REQUIRED WORK:
All the data should be repeated exactly. Any image in it is left out.

SUPPLIED INFORMATION:
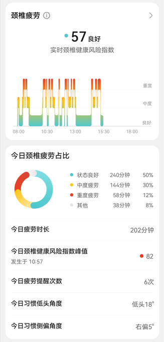 华为智能眼镜2在帮助用户高效生活工作的同时,也关注用户的健康问题。通过与中山大学附属第一医院康复医学科合作,为用户带来全新升级的颈椎健康2.0功能。颈椎疲劳指数能够更科学反映用户用颈习惯,结合实时监测与提醒功能,为佩戴者带来全天候的颈椎健康关怀。
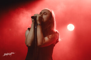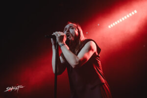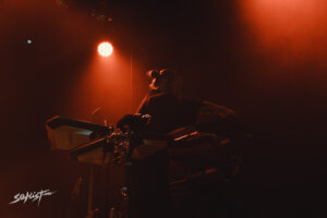 Minutos más tarde, en el momento en que Roman Komogortsev (guitarra, sintetizador, caja de ritmos) y Pavel Kozlov (bajo, sintetizador) bajaron al entarimado, la atmósfera se transformó, aunque si, la ovación más ruidosa tuvo lugar cuando apareció entre humo y sombras Egor Shkutko (vocales). Visualmente, la banda mantuvo su estilo distintivo, atuendos minimalistas en color negro y ese espíritu retro soviético complementaban el aura sombría del show. La presencia de Egor fue el centro de atención. Su figura, con ese look de «techno viking» que parece un sobreviviente de la fría Bielorrusia, desprendía un magnetismo único. Sus pasos de baile macabros, junto con su voz profunda y resonante, causaron muestras de emoción y asombro en el público tapatío, sobre todo cuando se bajo para acercarse a la valla e interactuar con los fans en primera fila.
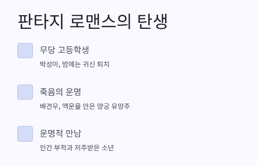 ‘조이현 견우 선녀’라는 키워드 안에는 사실 *“자기 자신을 이겨내는 이야기”*가 숨어 있는 것 같았어. 성아는 평범하게 살아가고 싶지만 운명 때문에 귀신이랑 싸워야 하고, 견우는 자기 인생을 살고 싶어도 죽음이 항상 따라다니니까. 근데 둘이 만나면서 진짜 서로를 변화시켜가는 모습이 대박…
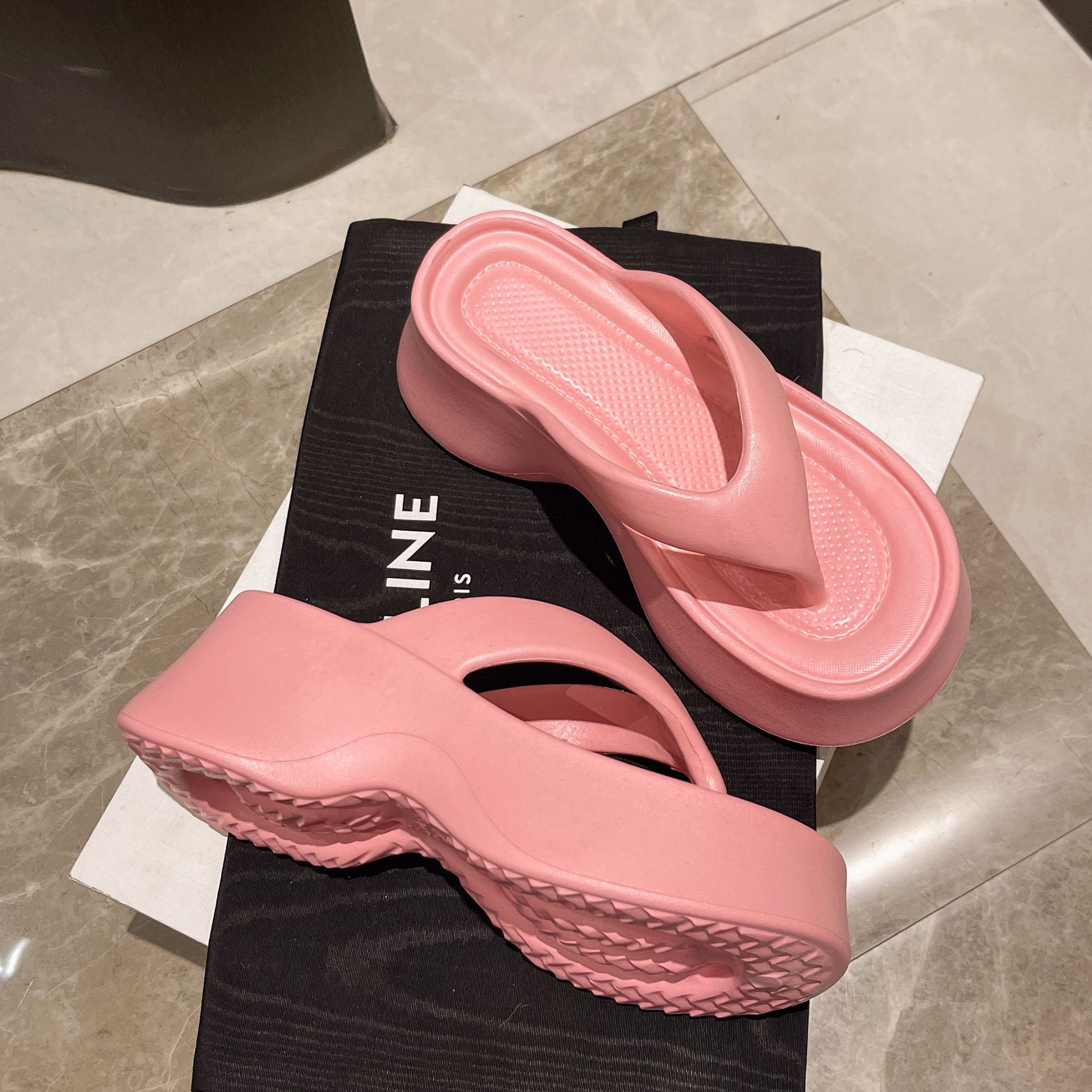 2025 새로운 스타일 플립 플롭 여성 두꺼운 바닥 외부 착용 플립 플롭 하이힐 샌들 비치 미끄럼 방지 냄새 없는 캐주얼 홈

FINAL ANSWER:
 华为智能眼镜2在帮助用户高效生活工作的同时,也关注用户的健康问题。通过与中山大学附属第一医院康复医学科合作,为用户带来全新升级的颈椎健康2.0功能。颈椎疲劳指数能够更科学反映用户用颈习惯,结合实时监测与提醒功能,为佩戴者带来全天候的颈椎健康关怀。
 Minutos más tarde, en el momento en que Roman Komogortsev (guitarra, sintetizador, caja de ritmos) y Pavel Kozlov (bajo, sintetizador) bajaron al entarimado, la atmósfera se transformó, aunque si, la ovación más ruidosa tuvo lugar cuando apareció entre humo y sombras Egor Shkutko (vocales). Visualmente, la banda mantuvo su estilo distintivo, atuendos minimalistas en color negro y ese espíritu retro soviético complementaban el aura sombría del show. La presencia de Egor fue el centro de atención. Su figura, con ese look de «techno viking» que parece un sobreviviente de la fría Bielorrusia, desprendía un magnetismo único. Sus pasos de baile macabros, junto con su voz profunda y resonante, causaron muestras de emoción y asombro en el público tapatío, sobre todo cuando se bajo para acercarse a la valla e interactuar con los fans en primera fila.
 ‘조이현 견우 선녀’라는 키워드 안에는 사실 *“자기 자신을 이겨내는 이야기”*가 숨어 있는 것 같았어. 성아는 평범하게 살아가고 싶지만 운명 때문에 귀신이랑 싸워야 하고, 견우는 자기 인생을 살고 싶어도 죽음이 항상 따라다니니까. 근데 둘이 만나면서 진짜 서로를 변화시켜가는 모습이 대박…
 2025 새로운 스타일 플립 플롭 여성 두꺼운 바닥 외부 착용 플립 플롭 하이힐 샌들 비치 미끄럼 방지 냄새 없는 캐주얼 홈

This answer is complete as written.